If I have a device that draws 5 amps at 12 volts, I can use any 12 volt DC adapter that can provide at least 5 amps.
Why don't all DC adapters have the capacity to provide loads of amps!? If all DC adapters provided e.g. 1000 amps, we would only need to care about the voltage value.
Do too many amps make DC adapters bulky, inefficient, or expensive?
The components that make up DC adaptors (inductors, transistors, capacitors, diodes, ect) are all rated for a certain current and/or power dissipation. Components that can handle 1000A vs. components that can handle 5A are orders of magnitude apart in cost, size, and availability.
For an example let's look at an inductor that could be used in a 1000A supply vs. a 5A supply.
Price: An inductor that can do 5A is $0.17 on digikey, an inductor that can do 200A is $400.
Size: The 5A inductor is 5mmx5mm and the 200A inductor is 190mmx190mm.
Availability: Digikey stocks well over 5,000 different inductors that can handle 5A. It didn't even have anything rated for more than 200A. It stocks only 7 that can do more than 100A.
Now repeat this experiment for all the components found in a common wall adaptor and you'll quickly get to the answer of your question.
To summarize: If you had two devices that needed 5A and 6A respectively would you rather buy something that costs in the thousands of dollar range and is larger than your bathtub so you could use it on both, or would you rather buy two palm sized adaptors for $30?

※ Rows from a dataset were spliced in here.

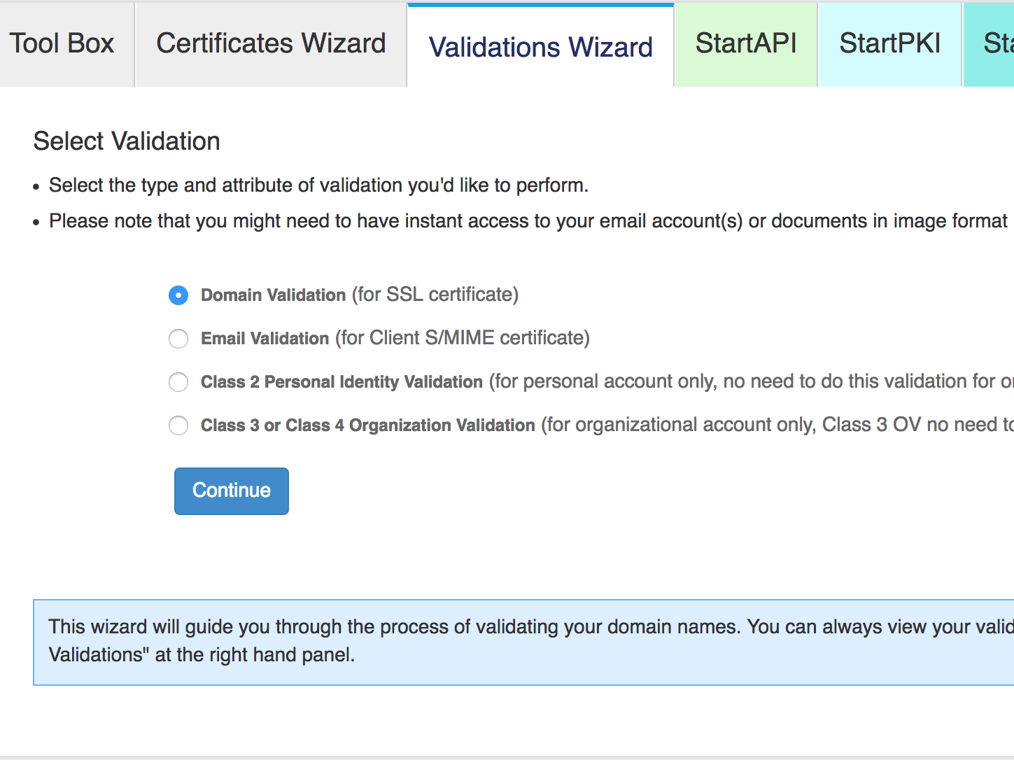 StartSSLのCertificationを入手するには、まず使用するパソコンに個人証明書を入れる必要がある。Validation WizardタブのEmail Validationを選ぶ。下の画像では、2番目のラジオボタンが該当する。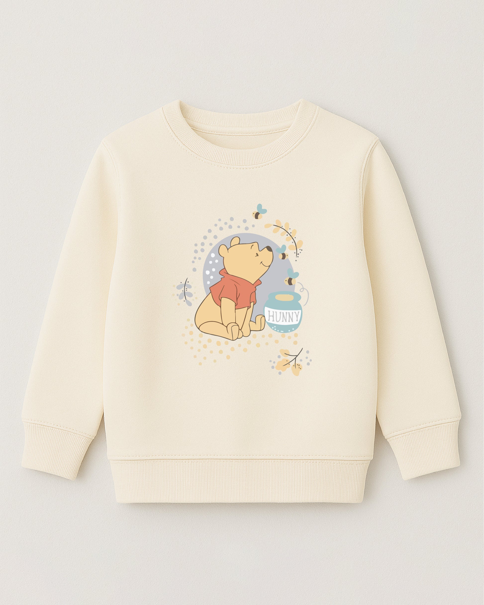 Wrap your little one in cozy comfort with our cream toned Winnie the Pooh Sweatshirt. Made from ultra-soft cotton fleece, this adorable piece features a heartwarming illustration of Pooh sitting beside his favorite “hunny” pot surrounded by buzzing bees.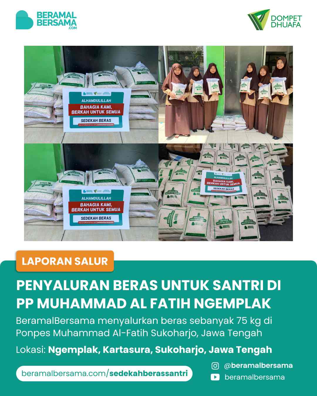 Alhamdulillah atas izin Allah SWT dan dukungan dari SahabatBeramal, kami telah menyalurkan sedekah Sahabat berupa 50 kg beras yang akan dimanfaatkan oleh 165 santri di PP Muhammad Al-Fatih, Sukoharjo, Jawa Tengah.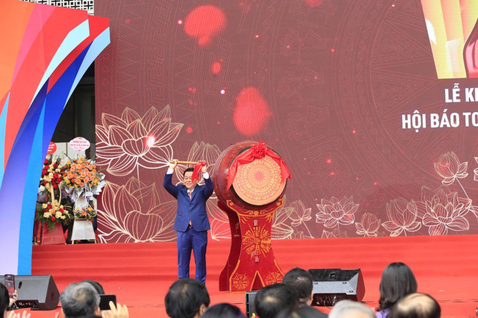 Bí thư Trung ương Đảng, Trưởng Ban Tuyên giáo Trung ương Nguyễn Trọng Nghĩa đánh trống khai mạc. Ảnh: TH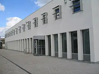 The Library was designed by van Heyningen and Haward Architects as a gateway to the campus. The building was completed in 2001 and provides approximately 360 individual study spaces, teaching space, staff work areas and traditional library services.[14] There is also the Gateway building which offers teaching and informal learning spaces, lecture theatres and a student service centre over three storeys.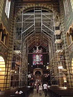 Between 2011 and 2013, the 12 images of the apostles, the chapel of the Blessed Sacrament, the side chapels and the organ with 6,000 pipes, which was installed in 1954 during the celebrations of São Paulo's fourth centenary, were restored. The six panels in the chancel depicting scenes from the life of Mary, the sacred sculptures and the images of St. Benedict and St. Scholastica, sculpted in 1650 by Agostinho de Jesus, were also restored. In 2016, the Crucified Christ, made of cedar by José Pereira Mutas in 1777, was restored after being damaged by pollution and grease from people's hands. The wall where the sculpture is located was also recovered.[15][16][17][18]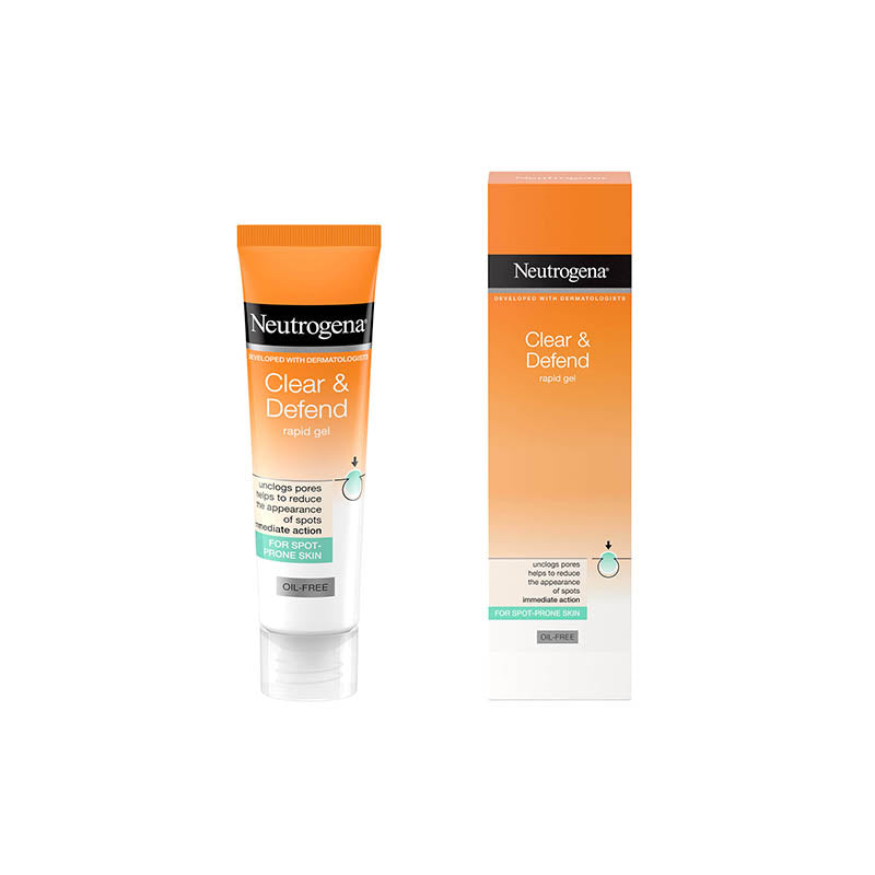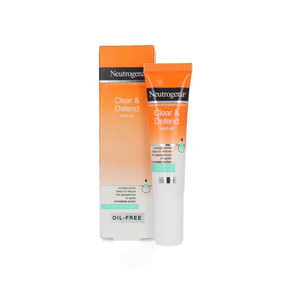 Product Description Neutrogena clear & defend rapid gel is clinically proven to help unclog pores. It's fast absorbing formula containing exfoliating ingredients, quickly reduces excess oil and effectively purifies the skin, all without irritating or over-drying. With daily usage, it helps to reduce the appearance of spots.

There are several reasons, actually, including everything you mentioned:
In the US, the average outlet is a 120V, 15A circuit. That means it can provide at most 1800W (P = V * I) (that is, power equals voltage times current). For a 12v circuit, that means there is only 150A available (1800W / 5v = 150A). To get a 12V, 1000A circuit, you would need a minimum of 100A supplied at the outlet - far more than it could provide. Obviously, a 5A or 10A circuit would fit well within the power capability of a standard outlet.
Even if the power were available, every single component, including wire, has some resistance in it. The more resistance, the lower the efficiency of the circuit. That means if you want to use a certain amount of power (say, to charge a cell phone), you have to pull more power than what you actually needed. If a circuit is 80% efficient - which is quite good, actually - then to provide 1000A, it would need to pull 1250A (1000/0.80=1250). Even at 95% efficiency, it would need to pull an extra 53A. Even worse, the rated efficiency only applies when the device is pulling power near the maximum. If your adapter can provide 1000A, but you're only using 5A, the efficiency at that power may be less than 1%, meaning that your device is using 5A, but the adapter itself is using 10A internally just to keep working.
Wasted energy in this circuit would be almost entirely lost as heat. That means that for our 80% efficient charger, if it is charging at the full current, the lost current (250A) will be heating the air (and components) around it. That's roughly the same as a burner on an electric stove on full power - a lot of heat. Today's plastic adapters wouldn't last a minute!
This link (scroll down to the table) shows that a 12 gauge wire (the usual wiring in homes) can transmit about 41A (using the "Maximum amps for chassis wiring" column). 12 AWG wire is about 2mm diameter. 6 AGW can transmit over 100A, but it's over 4mm thick. The thickest wire on the chart, OOOO, is almost half an inch thick (11.7mm), but can still only handle 380A. For 1000A, you would need a wire much thicker - as you could imagine, that would not attach to a phone very well!
Often, devices and their adapters are matched on purpose. The adapter has been "tuned" to work with a specific current range, and using it at a much lower current than what it was designed for can make it much less efficient, or even damage the adapter over time.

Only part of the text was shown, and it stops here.